In the past decade, in-situ heavy oil recovery processes have been proposed and successfully applied to field operations. In conventional ways like cyclic steam stimulation (CSS) and steam assisted gravity drainage (SAGD), viscosity of heavy oil is reduced by steam injection. However, since the cost of steam generation remains high, solvent injection has been considered to decrease steam-oil ratio (SOR). In many cases, solvent means relatively heavy hydrocarbon gas components ranging from C3 to C6. In this paper, we discuss the effect of heavy gas solvents on viscosity reduction.

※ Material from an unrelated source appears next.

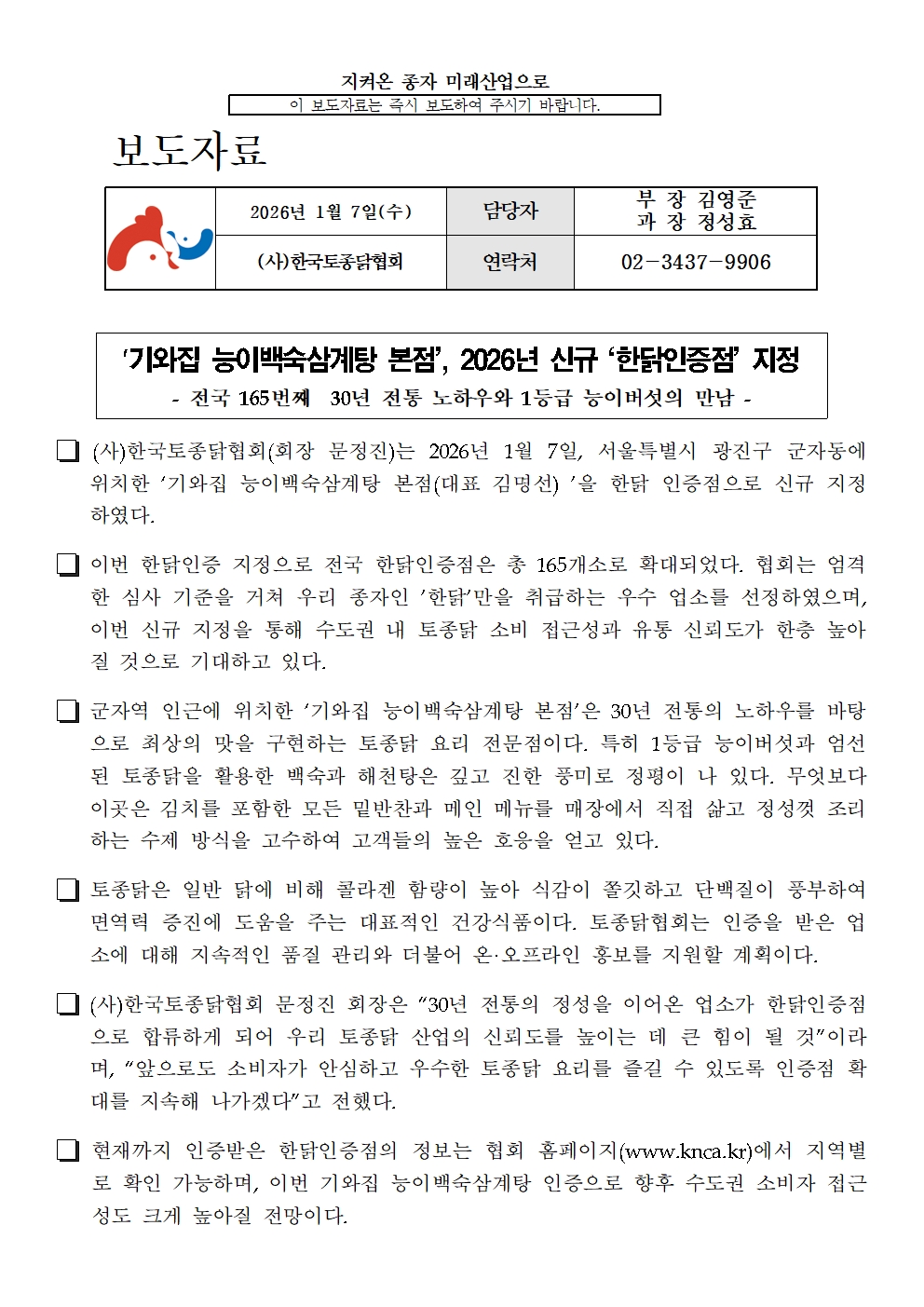 (보도자료) '기와집 능이백숙삼계탕 본점' 2026년 신규 ‘한닭인증점’으로 지정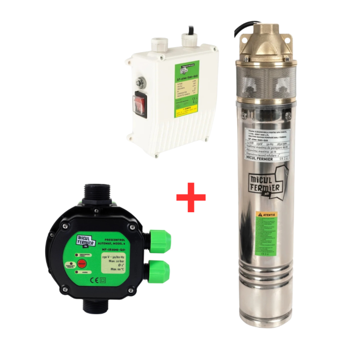 Pachet hidrofor - Pompa submersibila, putere 1.3kW, debit 3000l/h, pompare 60m + Presostat electronic 2.2 kW

Our target reservoir is the Yufutsu oil field, Hokkaido, Japan. Its produced oil is highly viscous and we have to consider an enhanced oil recovery process. Viscosity and gravity of the Yufutsu fluid are 846 cP and 11°API respectively at stock tank condition. Since gas injection is one reasonable choice to reduce oil viscosity, we conducted swelling tests and viscosity measurements using two different gas samples. The first gas sample is a light gas mixture which is a main product of the facility and pipelined to the markets. The second one is a heavy gas mixture which is a subsidiary product of the manufacturing processes, and contains C2, C3 and C4 components significantly. According to our swelling tests, the heavy gas mixture achieved greater swelling factor and viscosity reduction than the other. In terms of viscosity reduction, the heavy gas achieved 94%, while the light gas achieved 88%.

Additionally, we conducted simulation studies to examine the effect of heavy gas solvent on viscosity reduction. We generated 2-dimentional preliminary heavy oil reservoir models. The results of simulation studies indicate that the injection of heavy gas solvent reduces oil viscosity, and increases oil recovery more than the light gas case.

In conclusion, according to our experiments and simulation analyses, the heavy gas solvent shows more oil viscosity reduction than the light gas solvent. This fact implies the heavy gas components, C2, C3 and C4, play important roles in oil viscosity reduction, and will help to decide an optimal composition of solvents in heavy oil production.